*Exercise instructions*. In the records below, find the line with "The image depicts", then retype it and every following line exactly, stopping after the line with "open or closed.". Leave the pictures out.

*Recorded data*.

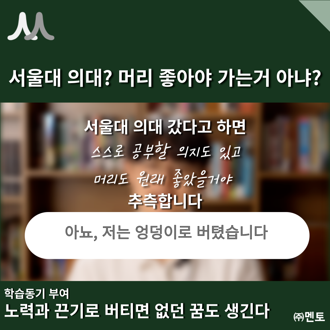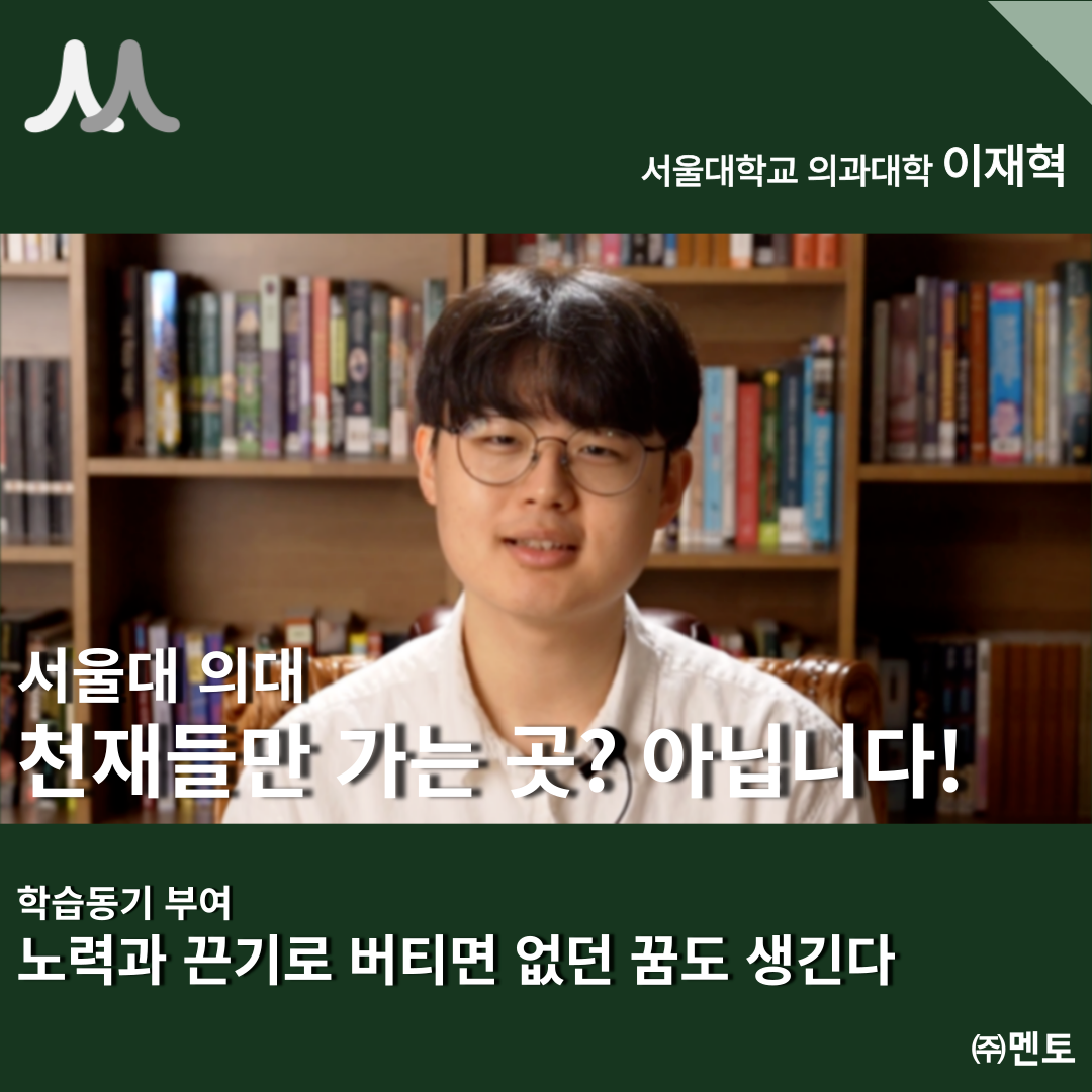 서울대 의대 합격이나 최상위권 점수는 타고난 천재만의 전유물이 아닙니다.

---

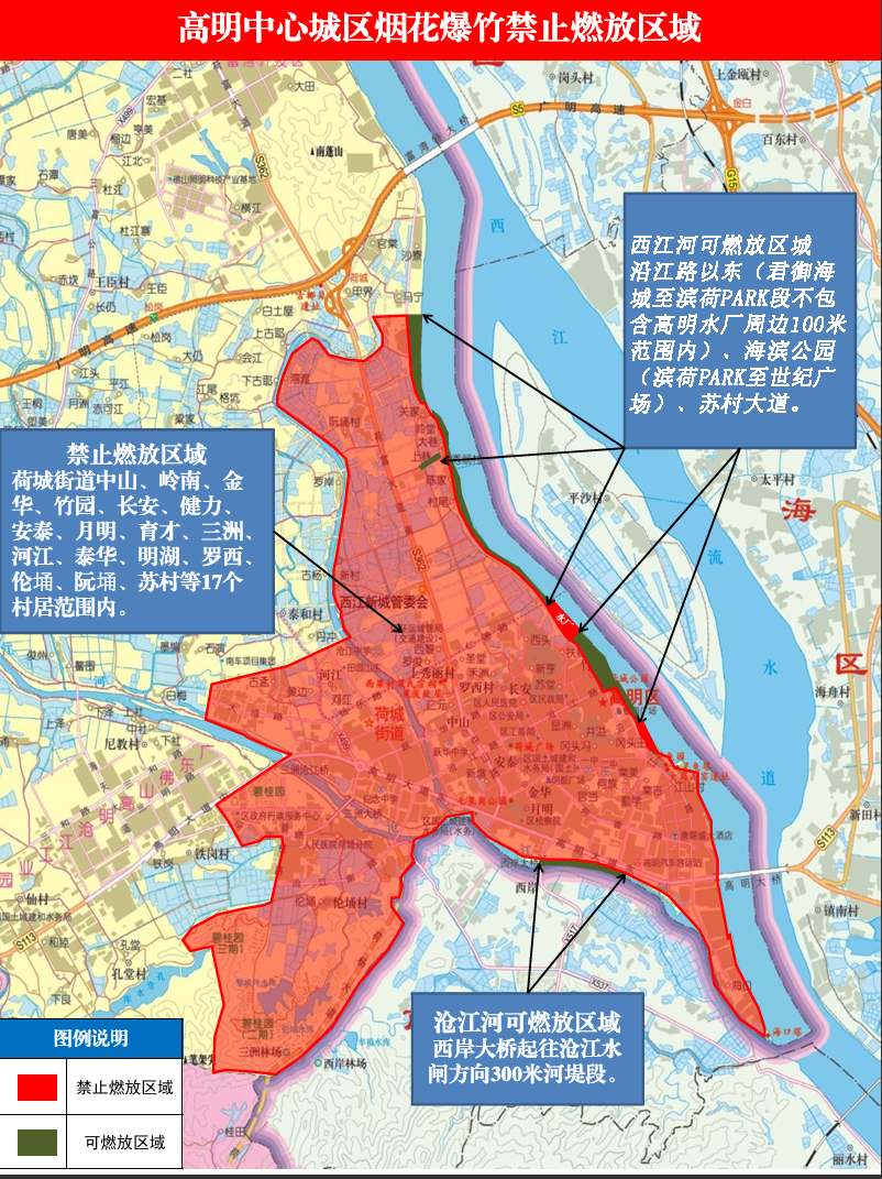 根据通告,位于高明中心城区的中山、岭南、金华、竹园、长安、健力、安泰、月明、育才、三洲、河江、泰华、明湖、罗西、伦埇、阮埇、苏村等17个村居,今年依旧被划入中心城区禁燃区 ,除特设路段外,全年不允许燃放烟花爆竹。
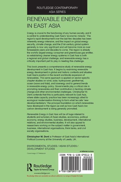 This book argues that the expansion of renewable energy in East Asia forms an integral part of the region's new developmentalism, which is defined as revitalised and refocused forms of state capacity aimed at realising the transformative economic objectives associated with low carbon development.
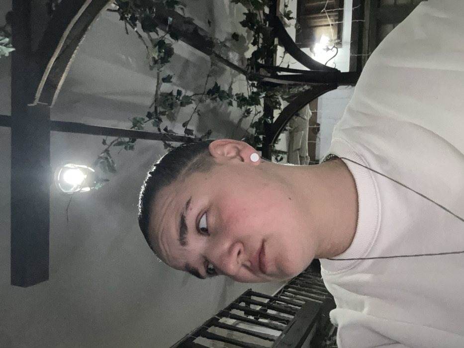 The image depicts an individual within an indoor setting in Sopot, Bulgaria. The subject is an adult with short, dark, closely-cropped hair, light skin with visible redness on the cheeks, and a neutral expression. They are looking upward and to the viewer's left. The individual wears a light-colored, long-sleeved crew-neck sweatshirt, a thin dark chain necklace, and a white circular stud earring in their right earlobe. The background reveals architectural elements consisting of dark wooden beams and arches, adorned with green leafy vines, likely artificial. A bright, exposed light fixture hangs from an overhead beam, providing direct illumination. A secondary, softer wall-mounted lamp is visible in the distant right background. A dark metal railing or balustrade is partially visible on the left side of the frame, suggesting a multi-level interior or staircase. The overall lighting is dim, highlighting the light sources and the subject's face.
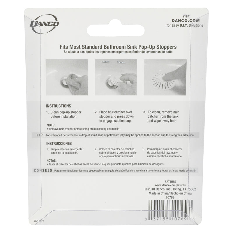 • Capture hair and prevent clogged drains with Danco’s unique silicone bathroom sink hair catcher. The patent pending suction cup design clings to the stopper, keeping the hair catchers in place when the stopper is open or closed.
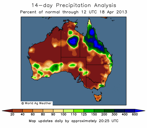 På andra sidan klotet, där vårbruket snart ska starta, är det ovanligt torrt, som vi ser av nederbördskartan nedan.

---

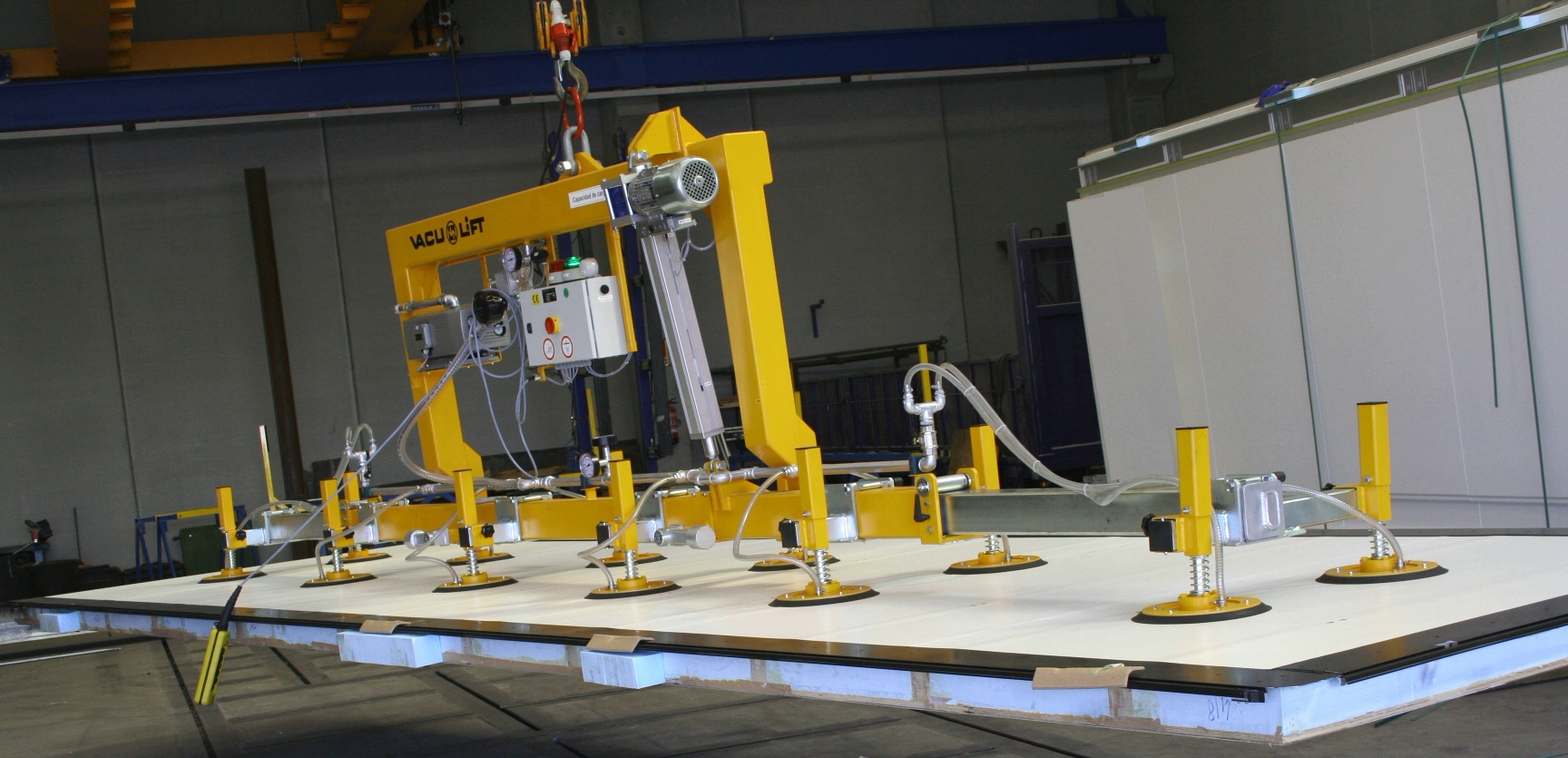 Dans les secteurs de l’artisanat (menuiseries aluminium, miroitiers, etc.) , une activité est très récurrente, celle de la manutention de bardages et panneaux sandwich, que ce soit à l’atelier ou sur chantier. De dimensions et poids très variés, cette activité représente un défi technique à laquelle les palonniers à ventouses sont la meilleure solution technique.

*Solved problem*.
 The image depicts an individual within an indoor setting in Sopot, Bulgaria. The subject is an adult with short, dark, closely-cropped hair, light skin with visible redness on the cheeks, and a neutral expression. They are looking upward and to the viewer's left. The individual wears a light-colored, long-sleeved crew-neck sweatshirt, a thin dark chain necklace, and a white circular stud earring in their right earlobe. The background reveals architectural elements consisting of dark wooden beams and arches, adorned with green leafy vines, likely artificial. A bright, exposed light fixture hangs from an overhead beam, providing direct illumination. A secondary, softer wall-mounted lamp is visible in the distant right background. A dark metal railing or balustrade is partially visible on the left side of the frame, suggesting a multi-level interior or staircase. The overall lighting is dim, highlighting the light sources and the subject's face.
 • Capture hair and prevent clogged drains with Danco’s unique silicone bathroom sink hair catcher. The patent pending suction cup design clings to the stopper, keeping the hair catchers in place when the stopper is open or closed.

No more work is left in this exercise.